_About this task_
Take nothing but the lines from the one with "锅里放油,油温七成热的时候,放入备好的鸡" through the one with "就赏灯的气象条件来看,中东部" in the entries below, both ends kept, and return them exactly with pictures left out.

Start of Dataset excerpts

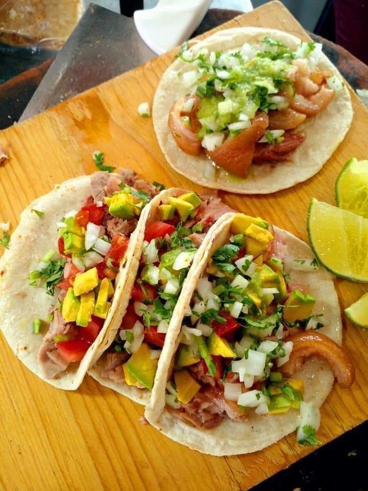 Kilo y medio carnitas ,2 refrescos sabor y 2 bolsas chicharrón (tortillas,salsas y verduras)
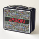 Cette boîte à lunch en métal réutilisable a une impression Motif de Sweater tricoté Alien Fair Isle Cute. Le motif est de cercles gris et noirs et de bandes de diamants. Chaque forme a des motifs aliens mignons rétro différents. Vous avez un mignon robot rétro, un enlèvement d'ovni, un vaisseau spatial avec un alien vert, une tête d'alien gris, un système solaire, un plante alien, un pistolet à rayons rétro et un chasseur étoilé. Entre les motifs se trouvent les lunes, et les étoiles. Vous pouvez rendre le motif plus grand ou plus petit. Personnalisez-le avec votre propre nom ou enlevez le nom et la barre pour n'avoir qu'un motif.
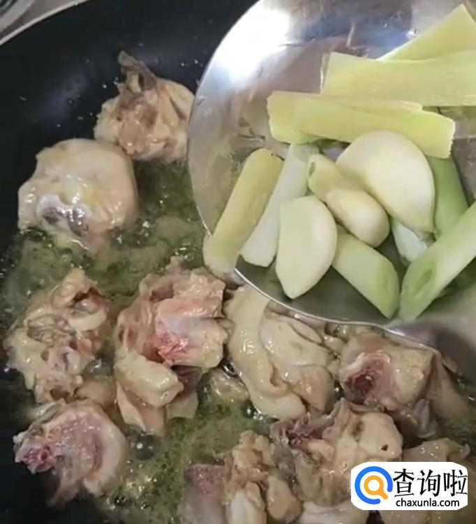 锅里放油,油温七成热的时候,放入备好的鸡块,炒熟炒香,再加入适量葱,姜,蒜爆香。
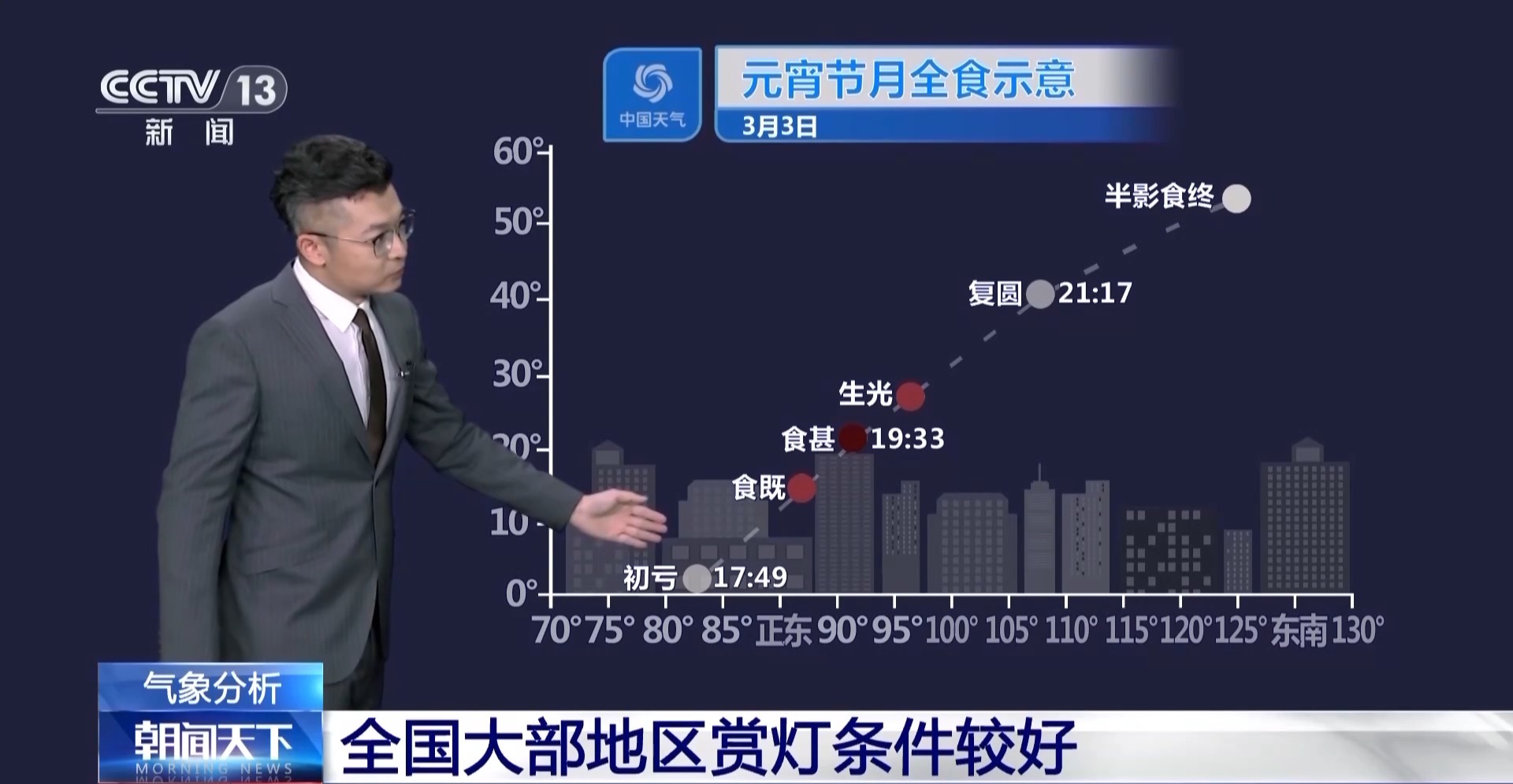 就赏灯的气象条件来看,中东部大部地区大多是云伴灯,整体有利于户外赏灯。而就赏月的天气条件来看,今天明月,同时还会出现月全食。中东部很多地区都会是带食月出。以华东地区为例,大致初亏的时间是17:49,而食甚的时间是19:33。由于整体的地平高度角相对较低,所以这一次的元宵节月全食还是非常有利于我们拍摄的。
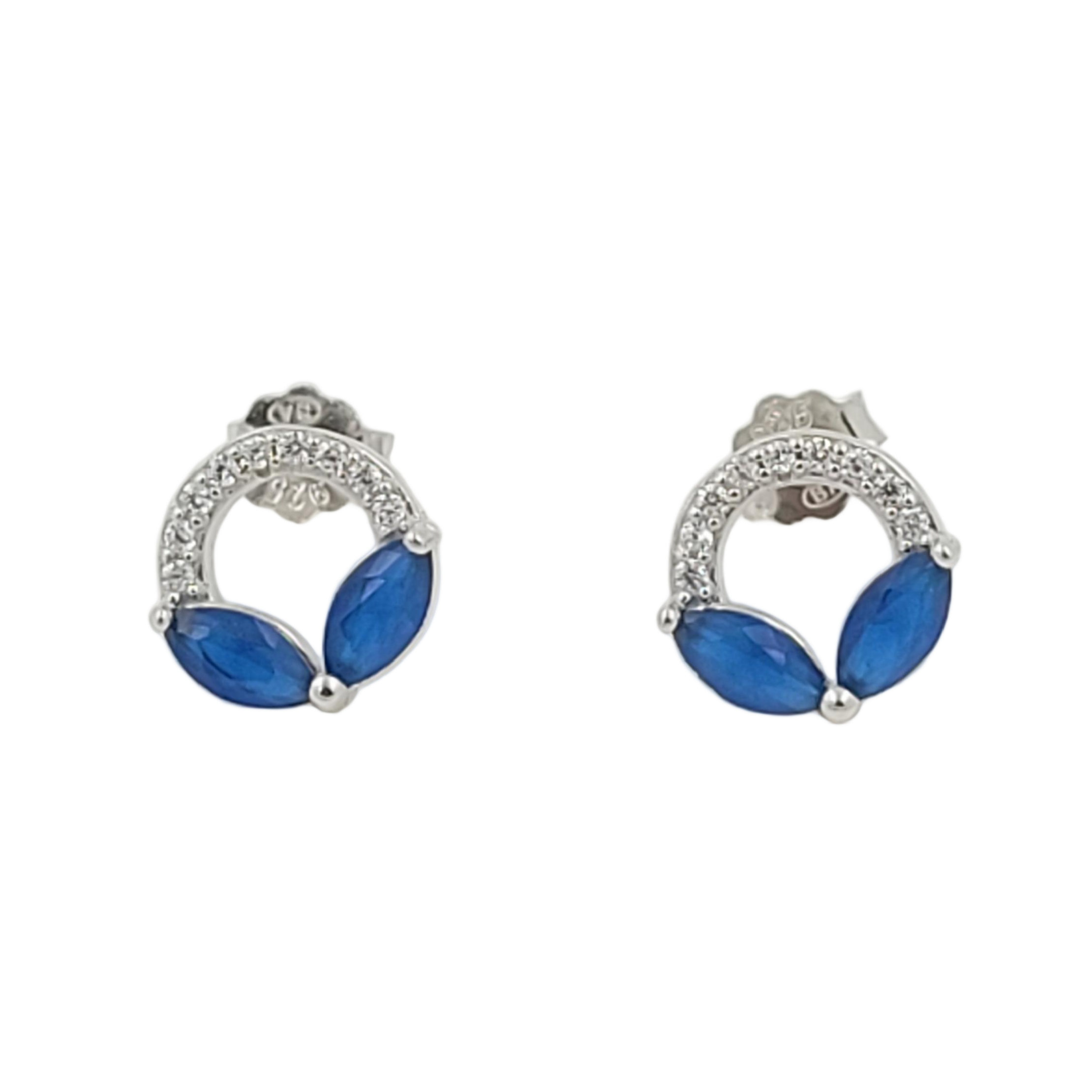 Elevate your jewelry collection with these exquisite 925 sterling silver stud earrings, featuring radiant blue sapphire crystals set in a graceful round half-circle design. Enhanced with sparkling cubic zirconia accents, these earrings deliver timeless elegance and refined sophistication. Crafted from premium sterling silver for durability and lasting brilliance, they're perfect for everyday wear or special occasions. An ideal gift for the women and girls in your life, whether for weddings, anniversaries, or festive celebrations. These versatile studs complement any style while adding a touch of luxury to your personal aesthetic.
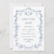 Elegant Blue French Toile Floral Wedding QR code Save The Date
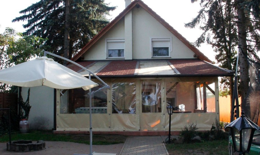 15 férőhelyes pótágyazható nyaraló, igényesen felszerelt és berendezett légkondicionált, központi fűtéses vízteres kandallóval fűthető hőszigetelt, téliesített, közvetlen vízparti nyaraló. Földszinten nappali, konyha, fürdőszoba és egy ötágyas családi szoba, saját klímaberendezéssel és fürdőszobával. Emeleten négy szoba, melyből kettő franciaágyas, kettőben pedig 3-3 heverő. Az épület előtt fedett, körben üvegponyvázott fűthető terasz nyári konyhával és a teraszról nyíló finn szaunával. Udvaron napkollektorral fűtött medence, polikarbonát thermotetővel ellátva. A kényelmet szolgálja a vízparti pagodában elhelyezett nyolc személyes Canadai Coast- Spas jacuzzi. Gyerekek számára rönkfajátszótér, trambulin, csocsóasztal. Vízpart felől kialakított bográcsozó. 12 méter széles kiépített, gyerekek védelmében kerítéssel ellátott vízpart, melyhez tartozik csónak, vízibicikli, fedett horgászkiülő asztallal, padokkal, parti világítás. Négy személyautó részére zárt parkoló.
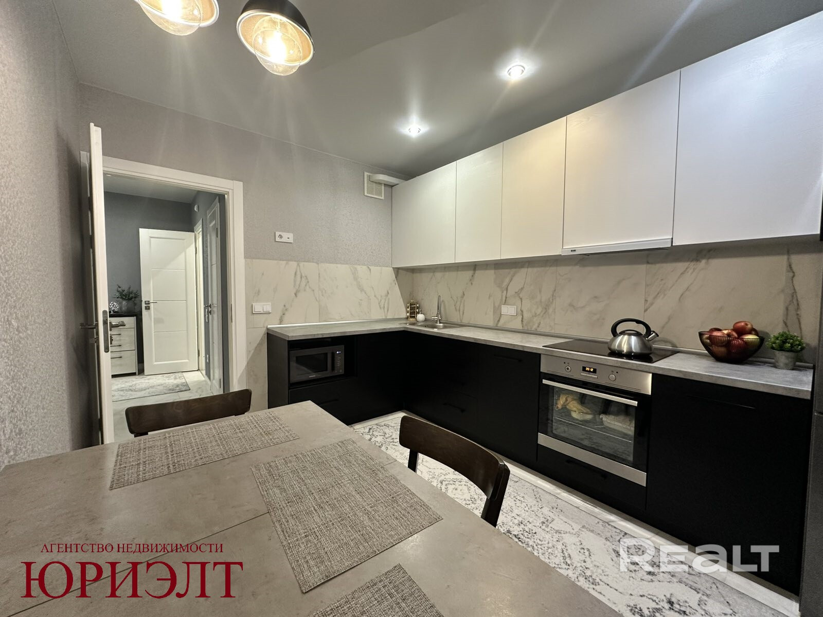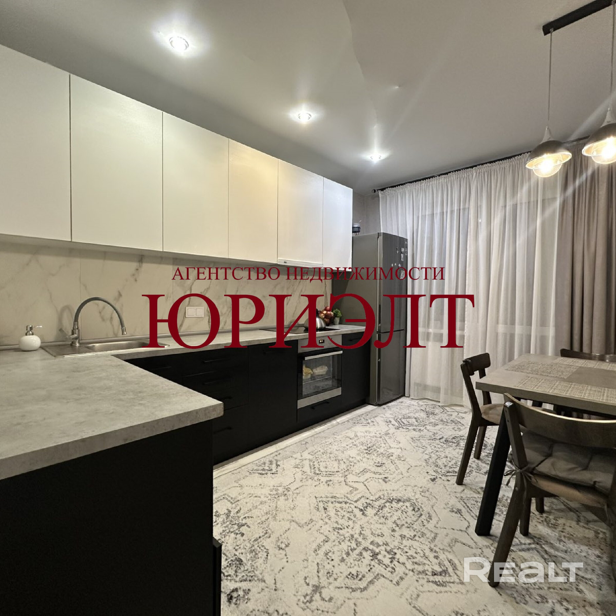 Квартира продается с мебелью и техникой: кухонный гарнитур, встроенная техника, мебель в прихожей, гостиной и спальне, осветительные приборы, шторы и тюль.

End of Dataset excerpts

_Problem solution_
 锅里放油,油温七成热的时候,放入备好的鸡块,炒熟炒香,再加入适量葱,姜,蒜爆香。
 就赏灯的气象条件来看,中东部大部地区大多是云伴灯,整体有利于户外赏灯。而就赏月的天气条件来看,今天明月,同时还会出现月全食。中东部很多地区都会是带食月出。以华东地区为例,大致初亏的时间是17:49,而食甚的时间是19:33。由于整体的地平高度角相对较低,所以这一次的元宵节月全食还是非常有利于我们拍摄的。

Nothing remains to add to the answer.